Los Angeles gamed the system in a way that the Knicks and Clippers weren't able to. Those latter two teams got the unhappy superstars they'd targeted, but there was a hastiness about the transactions that added some semblance of fairness to the deals. The Knicks panicked and gave away far more assets than they needed to in order to acquire Anthony, and the Clippers were eager enough to jump into the L.A. spotlight that they sent Eric Gordon, their second-best player at the time, to the Hornets (who had lost any negotiating leverage they might have had when Stern scotched their first Paul trade, to the Lakers).

Even the formation of the Miami Heat's superteam, with all its premeditation, was not without its share of clumsiness. The Heat are hardly a perfectly constructed NBA team, more the product of certain stars aligning than of cold-eyed longterm calculation.

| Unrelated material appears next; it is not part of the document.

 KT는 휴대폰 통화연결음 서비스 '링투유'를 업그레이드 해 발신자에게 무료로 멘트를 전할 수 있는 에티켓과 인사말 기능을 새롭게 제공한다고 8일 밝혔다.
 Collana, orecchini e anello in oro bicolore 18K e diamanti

The Lakers knew better than to panic. They slow-played the Magic into gifting them Dwight Howard. There were any number of times over the course of the offseason that they could have gotten anxious and shipped both Andrew Bynum and Pau Gasol out of town to get Howard. But they waited, knowing that the league is tilted in their favor even post-lockout, and eventually got the trade they wanted all along.

The Lakers haven't just constructed a superteam; they've constructed an idealized version of a great NBA ensemble. They have their distributing point guard in Steve Nash; their scoring two-guard in Kobe Bryant; their classic big man in Dwight Howard; and a versatile, do-anything power forward in Pau Gasol. This team may as well have been grown in a lab.

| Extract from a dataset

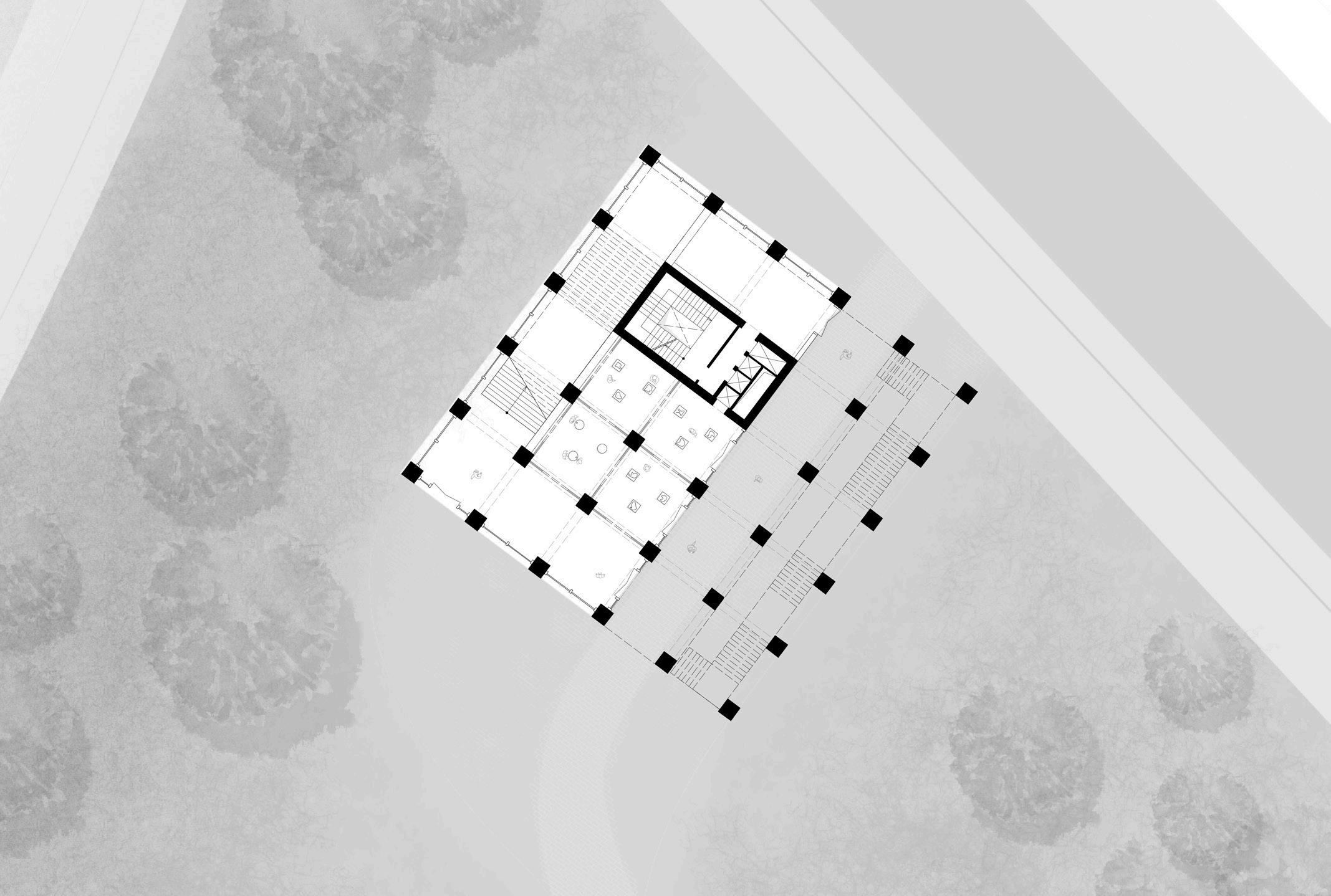 Our concept is based on drawing a pattern like a carpet over the existing plot The carpet is made up of four modules placed next to each other to form the main building This creates a private inner courtyard in the middle

The Lakers now stand athwart everything the Thunder-Heat finals seemed to portend for the NBA: nothing short of a new era, one defined by hybridization and positional flexibility. Guerrilla basketball. Both Oklahoma City and Miami featured players who refused to fit into any particular mold, and yet both teams managed to find ways to unleash the talents of their players by eschewing the conventions of playing style and lineup construction.

That made for great, dynamic basketball, but it wasn't an easy thing to accomplish. The Heat seemed to shrug into and out of different identities every few weeks, and the Thunder spent years carefully and patiently constructing a winning team through the draft and many clever, small-bore acquisitions. The Thunder do not have an ideal roster, but they have one that succeeds because they worked so hard to make it succeed. The future was at hand.

Not anymore. The Lakers have gone and bought themselves a ready-made all-star roster. Dwight Howard will assume his place as fourth-best center in the team's history in L.A., behind Kareem Abdul-Jabbar (formerly of the Milwaukee Bucks), Wilt Chamberlain (formerly of the Warriors and Sixers), and Shaquille O'Neal (formerly of the Magic). We needed the lockout, according to the NBA, to open the door for more teams like the Thunder. Instead, here come the same old Lakers.